Paper: arXiv:2605.07278
What Is Included
.
├── train.py / eval.py # five-task pixel-control training and MPC evaluation
├── jepa.py # LeWM/RC-aux latent world model
├── module.py # predictor, regularizer, reachability head
├── rcaux.py # multi-horizon and reachability objectives
├── config/
│ ├── train/ # LeWM and RC-aux configs
│ └── eval/ # TwoRoom, Reacher, Push-T, Cube configs
├── scripts/
│ └── eval_dino_family_official.py
├── libero/ # LIBERO-Goal OFT/BCRNN action-head scripts
├── tools/ # fixed-group generation and success summaries
└── results/ # result CSV summaries
Checkpoints and datasets are not stored in the GitHub repository. We release the main public checkpoint separately on Hugging Face.
Installation
Python 3.10 is recommended.
python -m venv .venv
source .venv/bin/activate
python -m pip install --upgrade pip
python -m pip install -r requirements.txt
For headless MuJoCo evaluation:
export MUJOCO_GL=egl
Data and Checkpoints
The five pixel-control tasks use stable-worldmodel's cache root:
export STABLEWM_HOME=/path/to/stable-wm-cache
Expected dataset locations:
| Task | Dataset path under $STABLEWM_HOME |
|---|---|
| TwoRoom | tworoom.h5 |
| Reacher | dmc/reacher_random.h5 |
| Push-T | pusht_expert_train.h5 |
| Cube | ogbench/cube_single_expert.h5 |
| Wall | dino_wall.h5 |
Checkpoint paths are resolved relative to $STABLEWM_HOME. Pass policy stems without the _object.ckpt suffix.
Five-Task Evaluation
Example with the released TwoRoom RC-aux checkpoint:
mkdir -p "$STABLEWM_HOME/tworoom_rcaux"
cp /path/to/hf_release/rcaux/checkpoints/pixel_control/tworoom_rcaux/* "$STABLEWM_HOME/tworoom_rcaux/"
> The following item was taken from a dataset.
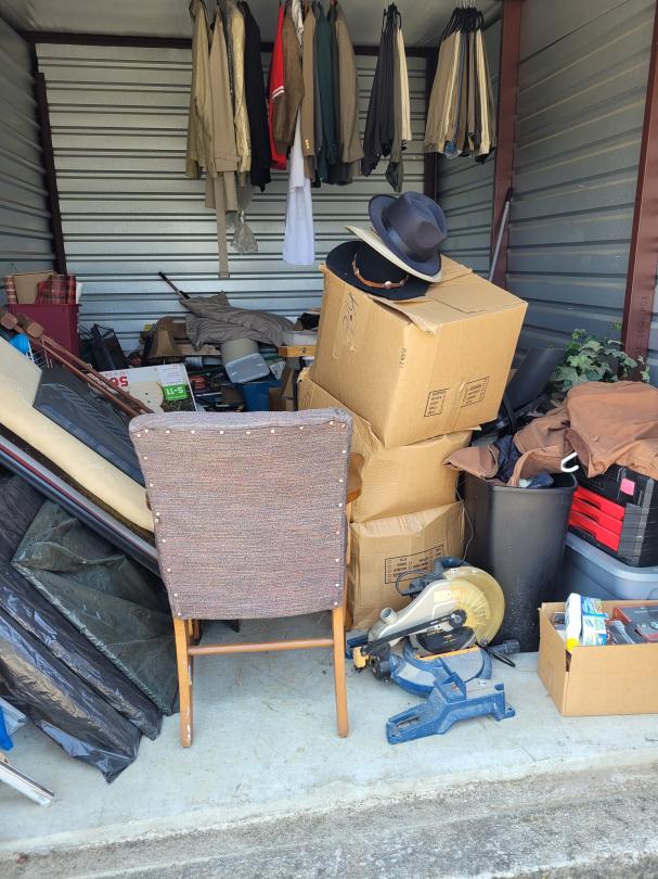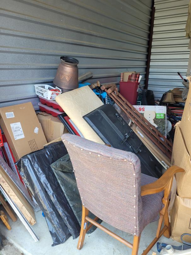 This unit appears to contain…Tool Box,Tools,TV,Bed Frame,Chairs,Decor,Plastic Containers,Misc. Boxes,Clothing,Sports Gear,Artwork

python eval.py --config-name=tworoom.yaml \
cache_dir="$STABLEWM_HOME" \
policy=tworoom_rcaux/rcaux_tworoom \
+planner_override.use_reachability_cost=true \
+planner_override.reachability_cost_weight=0.85 \
output.filename=tworoom_rcaux_eval.txt
Use fixed evaluation groups by passing:
eval.row_indices_file=/path/to/group_00.json
Summarize logs:
python tools/summarize_group_success.py /path/to/results/*.txt
Wall uses the DINO-WM environment-native benchmark path. Provide the DINO-WM source checkout and Wall dataset explicitly:
python scripts/eval_dino_family_official.py \
--source-root /path/to/dino_wm \
--benchmark wall \
--policy-kind object \
--policy /path/to/lewm_epoch_8_object.ckpt \
--dataset-path "$STABLEWM_HOME/dino_wall.h5" \
--val-dataset-path "$STABLEWM_HOME/dino_wall.h5" \
--num-samples 600 \
--n-steps 20 \
--topk 60 \
--horizon 8 \
--receding-horizon 4 \
--action-block 5 \
--goal-cost-reduce softmin \
--goal-cost-softmin-temperature 1.0 \
--use-reachability-cost on \
--reachability-cost-weight 0.85 \
--output wall_rcaux_eval.txt
Training
LeWM baseline:
python train.py --config-name=lewm.yaml \
data=tworoom \
wandb.enabled=false \
output_model_name=lewm_tworoom \
subdir=tworoom/lewm_tworoom
RC-aux:
python train.py --config-name=rcaux_default.yaml \
data=tworoom \
wandb.enabled=false \
output_model_name=rcaux_tworoom \
subdir=tworoom/rcaux_tworoom
Continuation from an existing LeWM checkpoint:
init.weights_path=/path/to/source_object.ckpt init.strict=false
LIBERO-Goal
The LIBERO-Goal extension code is under libero/. It trains an OFT-style action chunk head on top of the LeWM-family representation and evaluates with the official LIBERO success checker.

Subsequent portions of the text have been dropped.